Task statement :: After locating the line that holds "Lovely jacket with", copy that line and all that follow it word for word through the end of the data, with no pictures.

Source material ::
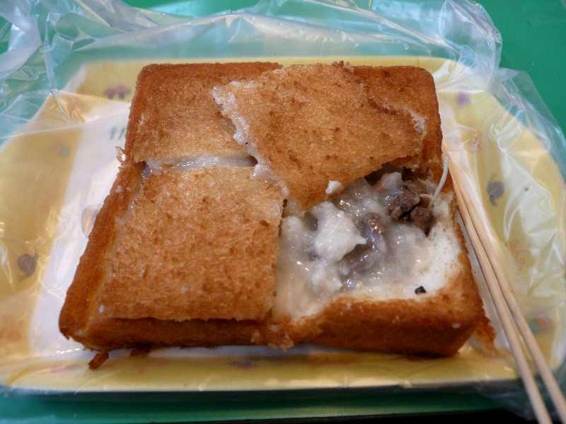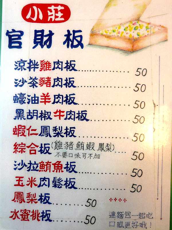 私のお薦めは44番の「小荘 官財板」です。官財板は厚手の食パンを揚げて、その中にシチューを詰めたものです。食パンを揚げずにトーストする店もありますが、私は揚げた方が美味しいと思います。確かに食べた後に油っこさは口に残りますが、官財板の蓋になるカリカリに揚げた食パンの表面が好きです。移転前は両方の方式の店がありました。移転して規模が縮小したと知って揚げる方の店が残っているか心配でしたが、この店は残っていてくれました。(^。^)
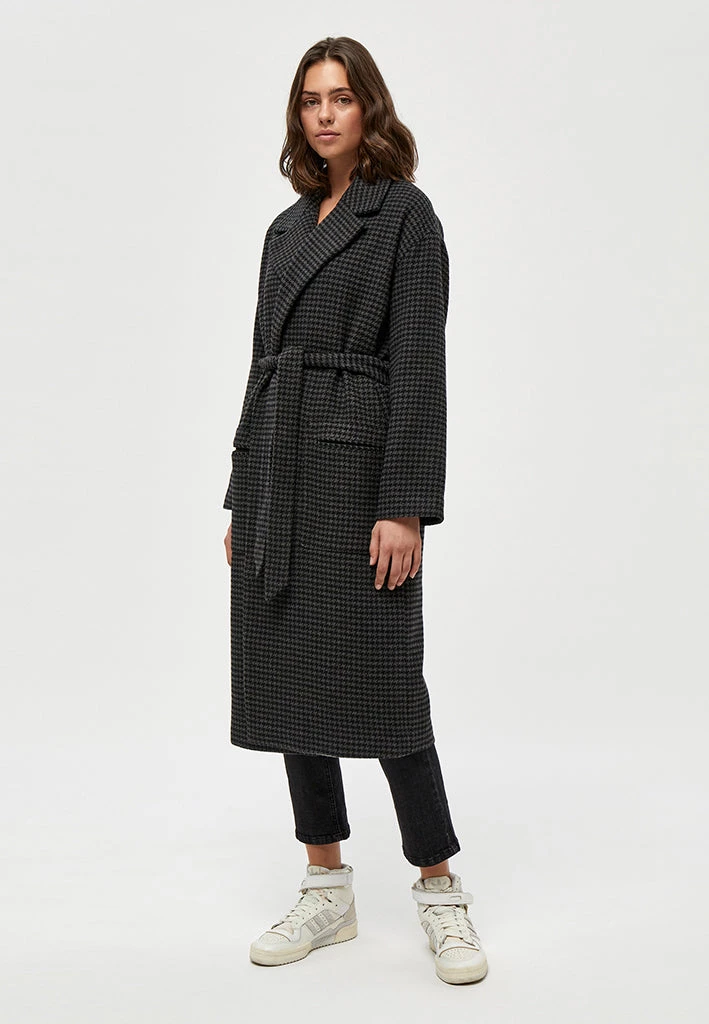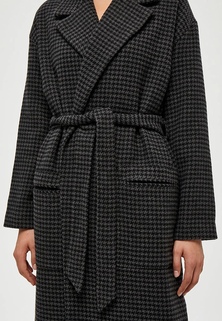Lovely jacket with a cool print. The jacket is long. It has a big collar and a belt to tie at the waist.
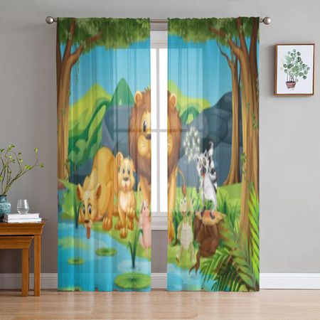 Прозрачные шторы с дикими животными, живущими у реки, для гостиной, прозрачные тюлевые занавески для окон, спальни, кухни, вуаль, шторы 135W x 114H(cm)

Solution below ::
Lovely jacket with a cool print. The jacket is long. It has a big collar and a belt to tie at the waist.
 Прозрачные шторы с дикими животными, живущими у реки, для гостиной, прозрачные тюлевые занавески для окон, спальни, кухни, вуаль, шторы 135W x 114H(cm)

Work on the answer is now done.